An understatement. At the end of a miserable date, Misty subjected me to twenty handsy minutes of refusing to get out of my car unless I agreed to come inside and sleep with her, even after I told her I was celibate. I finally lured her out with the lie that I’d go inside and think about it. But once her feet hit her porch, I jogged back to my car and drove away. Mom thought I was exaggerating.
“She’s not the one for me.” I wanted to add, she’s the one you want me to be with . Or she’s the love child of artificial flowers and the cardinal sin of lust . But I kept my mouth shut to make Mom happy. Because I still felt so goddamn guilty.
“You’re just not used to classy women who like to take things slowly.”
I took a deep breath, stretching my head back. My stomach churned. Discussion of my ex—my biggest mistake and reason for all my guilt—incoming.
“Please listen to your mama, for once. I told you that Kasey was bad news, and you didn’t believe me. She did such a number on you. I want you to be happy, Jason, but I’m afraid you wouldn’t know true love if it walked up and slapped you in the face.”
A laugh choked out from my throat. “God, I hope my true love wouldn’t slap me in the face. That’s abuse, Ma.”
Mom’s chuckle made me smile. I’d missed her so much while I was gone. And knowing that she loved me no matter what, and that she only wanted the best for me, made these phone calls and her overbearing nature a little easier to take.
She was right about at least one thing. Kasey tried to cure me of my spiritual side, to iron out all the beautiful, miraculous mysteries I saw in life with her science-only way of thinking. I hadn’t exactly been a good church boy when I met her, but leaving her had been like opening the door to my heart again and finding the world was bright with colors, not just black and white.
My gaze drifted up to the wood-strip cathedral ceiling of my converted-church home. Spiritually, I was a lot like it—strong foundation, good bones, but under constant renovation as I evolved. After I came to my senses and came home, there hadn’t exactly been church hymns waiting here for me. But my own personal faith was. And my family was.
Unfortunately, they all still thought I wasn’t capable of making my own decisions about work, my life, or my love life.
“I wouldn’t want anybody to slap my beautiful boy’s face. I love you, you know that, right Jason?” My mother’s fearful, heartbroken tone warbled back into these conversations, and it made my chest hurt. I’d done that to her. Broken her heart, and she’d taken me back in anyway.
“I know Mama. I love you, too.”
“I just want you to have a good woman who puts you first and lives a faithful life.”

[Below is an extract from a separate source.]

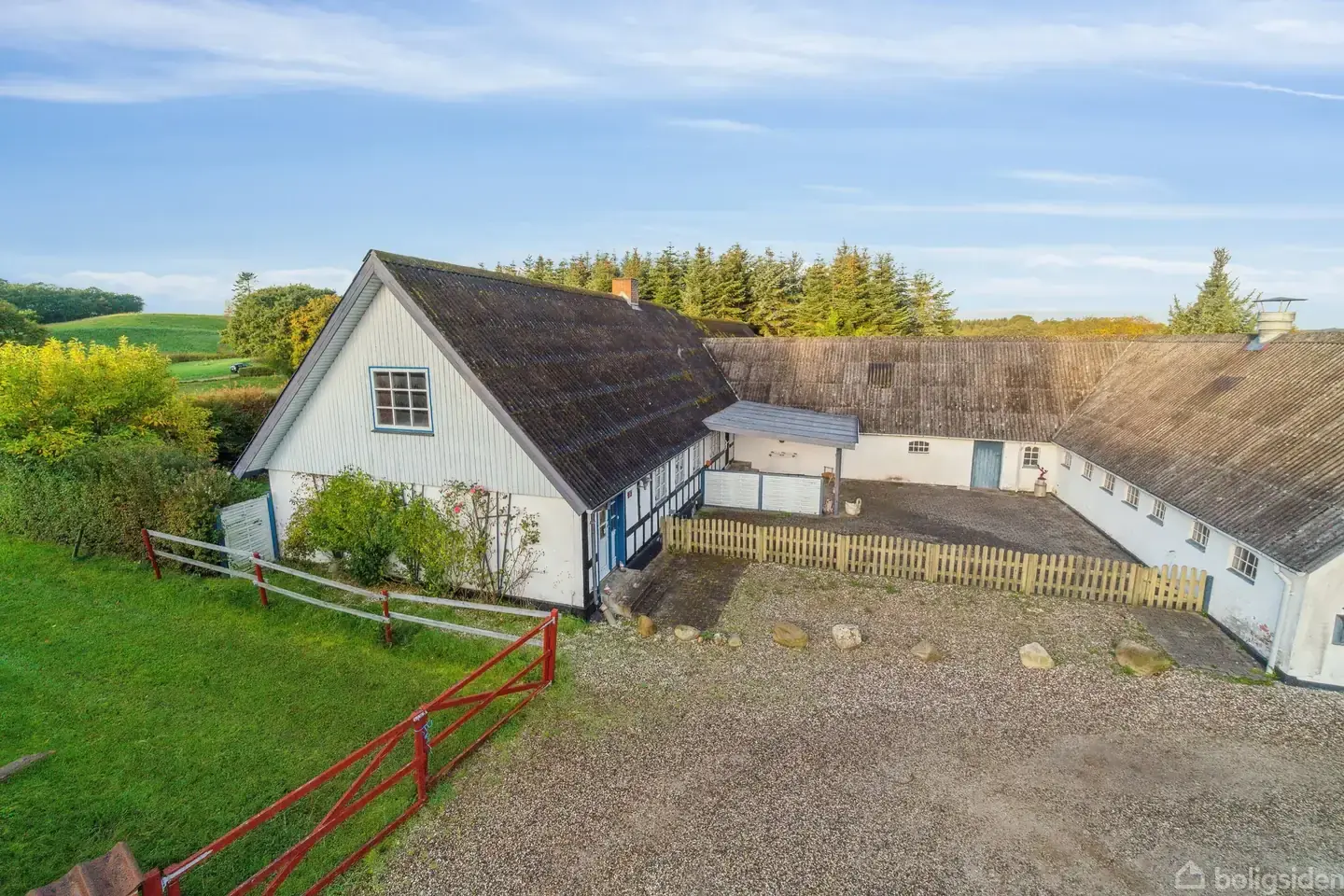 På en stor grund i den hyggelige landsby Løvskal inviteres I indenfor i denne dejlige villa. Her får I fortrinlige rammer om familielivet med en velindrettet planløsning og masser af plads. Ved ankomst mødes I af et stemningsfuldt hus fra 1890 med sort bindingsværk og fine blå detaljer. Huset opvarmes af et træpillefyr, der inden for de seneste år er blevet skiftet. Inden døre breder de 142 m2 sig over halvandet plan med gode værelser, to badeværelser, bryggers med vaskefaciliteter, en stue samt

The last thing a woman needed to do was put her partner first, but I wasn’t revisiting that old argument again. “I know you’re just looking out for me.” I stood up and stretched my back, yawning and looking out one of my few non-stained-glass windows. It was past midnight, and I was ready to go to sleep.
Something moved on the edge of my property. I looked closer.
“Alright, my sweet boy. I’m going to bed. Got to be up early to help your sister get ready for her couple’s shower. Good night, honey. I love you.”
A light switched on in front of the St. Dorothy statue and switched off immediately. But it’d been on long enough for me to catch sight of someone digging in my azaleas.
“Alright Ma. Love you too. Good night!”
I hung up and looked out the window for a minute, my phone’s keypad open in case I needed to call the cops. The person paused a minute, stuck the shovel into the ground, and pulled down long hair from a bun on their head. With the street light casting a silhouette from behind, that was definitely a very shapely woman digging something up in my garden.
Phone still in hand, I grabbed a bright flashlight and went out to investigate.